The set of dimensions on which the backtest accounting in this repo matches — and does not match — what a real account on a real perp venue would experience for the same trade signals.

Simulator Fidelity

The set of dimensions on which the backtest accounting in this repo matches — and does not match — what a real account on a real perp venue would experience for the same trade signals.

In plain English

When the leaderboard reports a strategy's return, that number is what the simulator's accounting produced. Whether a real perp account, fed the identical entry/exit signals, would have produced the same outcome depends on which aspects of "real trading" the simulator faithfully models and which it does not. This concept catalogs both columns so headline numbers can be interpreted correctly.

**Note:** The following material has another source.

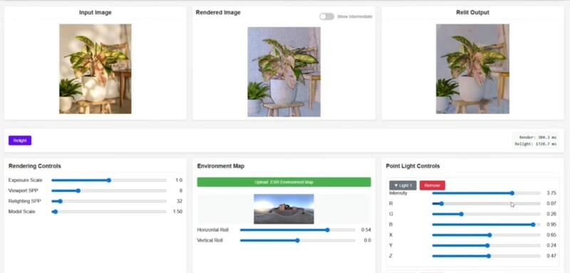 Новый инструмент использует нейронную сеть, но не на всех этапах переосвещения. Вместо этого он создает 3D-карту 2D-изображения, что позволяет создавать настраиваемую карту света, специфичную для каждого изображения.

The short version, which the rest of this page expands:

The simulator MODELS: a flat 0.17% fee per leg (charged on both the entry and the exit — its only friction), liquidation (the venue force-closing a position when losses eat through its margin), and leverage (trading a position larger than the cash backing it).
The simulator does NOT model: the funding rate (a periodic payment between the long and short holders of a perpetual future), slippage (the gap between the price you expect and the price you actually fill at), and the maker/taker split (different fees for adding liquidity vs removing it).

Funding is the load-bearing gap. Funding penalizes hold time — the longer you sit in a position, the more funding ticks you pay. And the only rows in this dossier with any measurable edge are the long-hold 4h and 1h swing strategies (slow timeframes, positions held for many hours or days). Those are exactly the rows a missing funding model flatters most: the simulator lets them hold for free, when a real account would bleed funding the whole time. So the strategies that look best are the ones whose results are most inflated by the gap.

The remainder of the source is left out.